Joe Klein has a typically abusive response entitled “Too Dumb to Thrive” wherein he upbraids the bovine public for being too stupid to understand what’s going on; after all they all got $60 extra dollars in their paychecks! Why are they complaining?

Klein’s response lacks any real analysis – for that, I recommend ProPublica’s coverage of the stimulus, which would indicate that while the money hasn’t exactly been “wasted” per se, it has certainly been mis-allocated, and at times, completely mis-handled.

See, for instance this report on schools unable to access their stimulus funds:

After the federal stimulus passed in February, North Carolina school officials thought they had found a way to repair the 58-year-old gym and other crumbling school structures.
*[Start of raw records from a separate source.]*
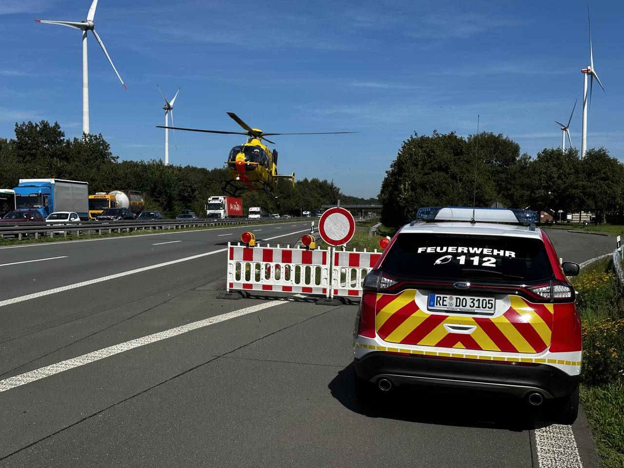 Rettungshubschrauber auf A31 bei Dorsten-Lembeck im Einsatz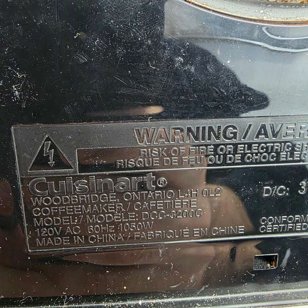 Cuisinart 14-Cup Programmable Coffee Maker, model DCC-3200C. The unit has been tested and works properly. Heats, brews, and all buttons respond as expected. Features a 14-cup capacity, programmable timer, brew strength control (Regular/Bold), self-clean function, and carafe temperature control. Stainless steel finish with a modern design. Condition: Good pre-owned condition. Shows normal signs of use such as light scratches and coffee residue (see photos for exact condition). Features & Specs: Brand: Cuisinart Model: DCC-3200C Capacity: 14 cups Programmable auto-brew Brew strength control (Regular / Bold) Self-clean function Carafe temperature control Voltage: 120V / 60Hz Included: Coffee maker base Thermal carafe with lid Built-in filter basket (No paper filters included) Item will be safely packaged and shipped promptly. Please feel free to message me with any questions.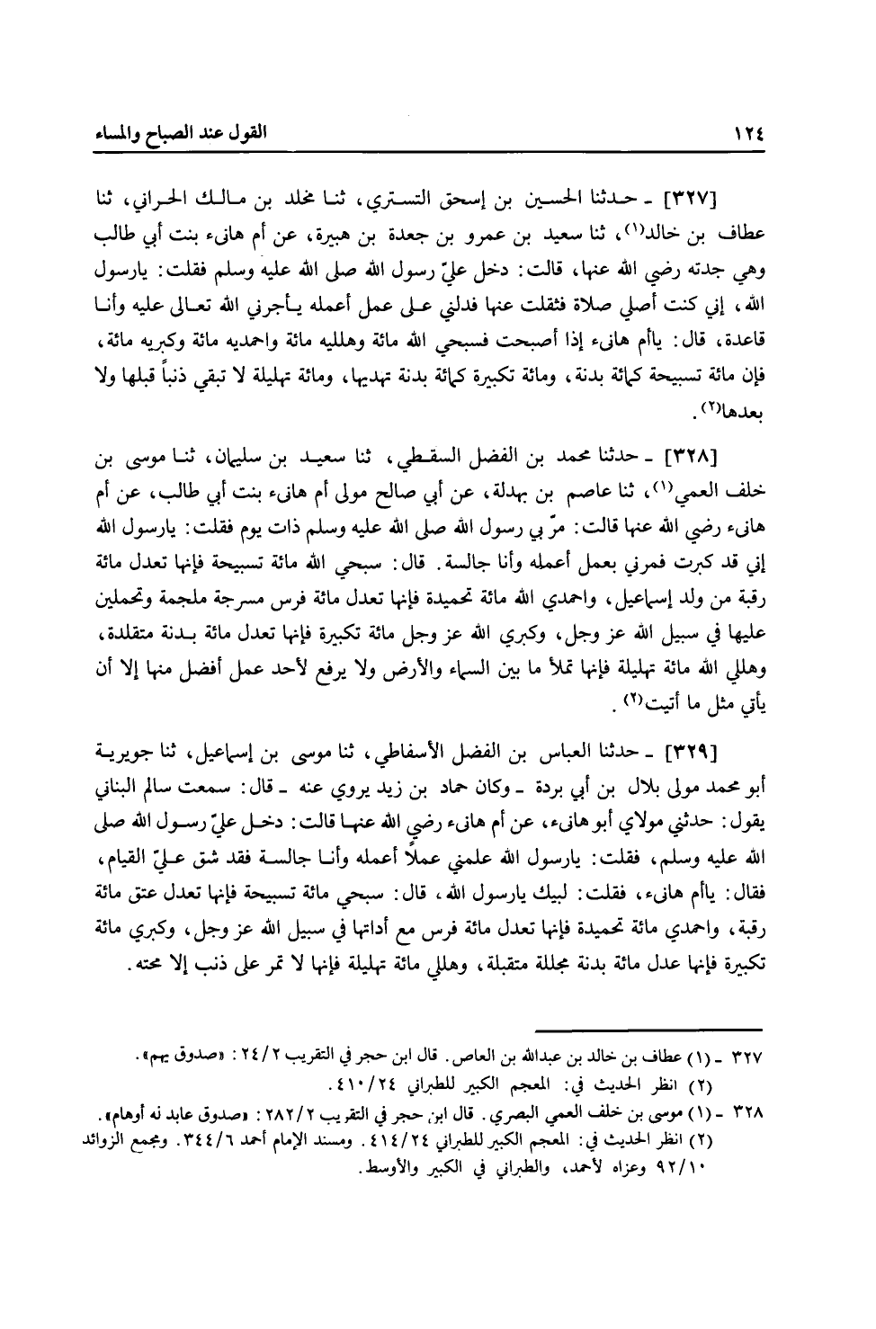 327 - حَدَّثَنَا الْحُسَيْنُ بْنُ إِسْحَاقَ التُّسْتَرِيُّ، ثنا مَخْلَدُ بْنُ مَالِكٍ الْحَرَّانِيُّ، ثنا عَطَّافُ بْنُ خَالِدٍ، ثنا سَعِيدُ بْنُ عَمْرِو بْنِ جَعْدَةَ بْنِ هُبَيْرَةَ، عَنْ أُمِّ هَانِئٍ بِنْتِ أَبِي طَالِبٍ، وَهِيَ جَدَّتُهُ رَضِيَ اللَّهُ عَنْهَا قَالَتْ: دَخَلَ عَلَيَّ رَسُولُ اللَّهِ صَلَّى اللهُ عَلَيْهِ وَسَلَّمَ فَقُلْتُ: يَا رَسُولَ اللَّهِ، إِنِّي كُنْتُ أُصَلِّي صَلَاةً فَثَقُلْتُ عَنْهَا، فَدُلَّنِي عَلَى عَمَلٍ أَعْمَلُهُ يَأْجُرُنِي اللَّهُ تَعَالَى عَلَيْهِ وَأَنَا قَاعِدَةٌ، قَالَ: «يَا أُمَّ هَانِئٍ، §إِذَا أَصْبَحْتِ فَسَبِّحِي اللَّهَ مِائَةً، وَهَلِّلِيهِ مِائَةً، وَاحْمَدِيهِ مِائَةً، وَكَبِّرِيهِ مِائَةً، فَإِنَّ مِائَةَ تَسْبِيحَةٍ كَمِائَةِ بَدَنَةٍ، وَمِائَةُ تَكْبِيرَةٍ كَمِائَةِ بَدَنَةٍ تُهْدِيهَا، وَمِائَةُ تَهْلِيلَةٍ لَا تُبْقِي ذَنْبًا قَبْلَهَا وَلَا بَعْدَهَا»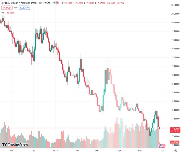 USDMXN currently trading at 17.5634 at the time of writing. Pair opened at 17.6255 and is trading with a change of -0.35 % .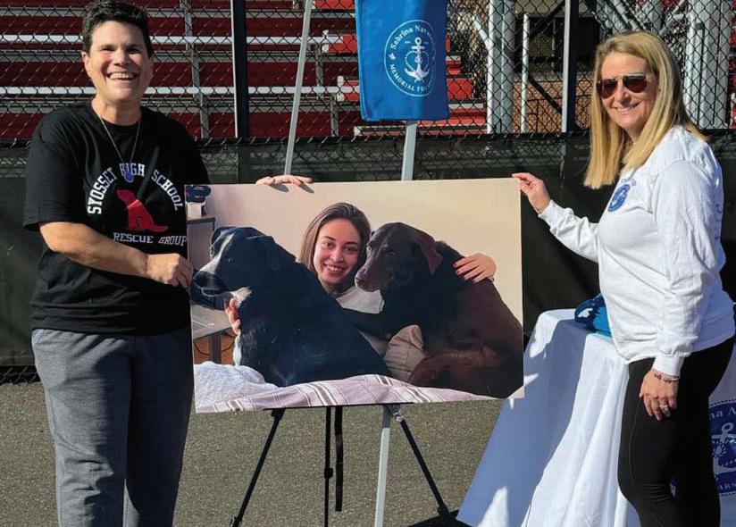 adorning Syosset Dog Rescue Club’s Walkathon’s new name, the “Sabrina Navaretta Syosset H.S. Dog Rescue Walkathon,” which features large pictures of Sabrina. Syosset Dog Rescue’s Co-Advisors Jodie Cohen and Dana Kaplan renamed the Walkathon last year in Sabrina’s honor after her life was tragically taken in a car accident while returning from a college function as a freshman at the University of Delaware.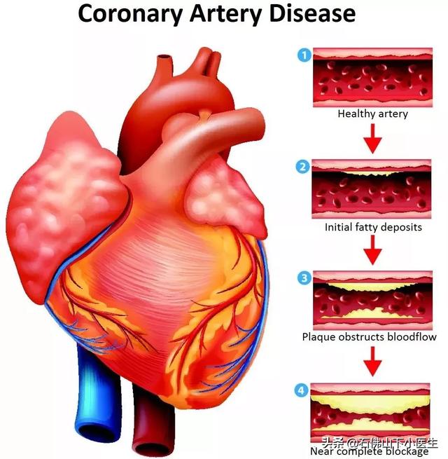(3) 心臓病:人がある年齢に達すると、実際、全身の多くの血管が動脈硬化を起こす可能性があるが、動脈硬化の狭窄がある程度に達した場合のみ、対応する臓器に明らかな影響を引き起こす。例えば、冠状動脈硬化症は、内腔の狭窄が50%以上であれば、冠状動脈硬化性心疾患と呼ぶことができ、心臓の機能に影響を与えるが、50%未満であれば、冠状動脈硬化症と呼ぶ。

The stimulus provided money for Qualified School Construction Bonds, which is intended to let school districts raise capital through interest-free bonds to fund construction.

The program also was expected to boost North Carolina’s construction industry. Ben Matthews, director of school support for North Carolina’s Department of Public Instruction, estimated it would create 11,000 jobs.

But the bond program has become entangled in financial and bureaucratic red tape. Only $2.3 billion of the $11 billion in bonds available this year have been sold as of last week, data compiled by Bloomberg show.

Well, that’s not good. Or again, take this report about stimulus funds going to contractors under federal criminal investigation:

The Department of Defense awarded nearly $30 million in stimulus contracts to six companies while they were under federal criminal investigation on suspicion of defrauding the government.

According to Air Force documents, the companies claimed to be small, minority-owned businesses, which allowed them to gain special preference in bidding for government contracts. But investigators found that they were all part of a larger minority-owned enterprise in Southern California, making them ineligible for the contracts.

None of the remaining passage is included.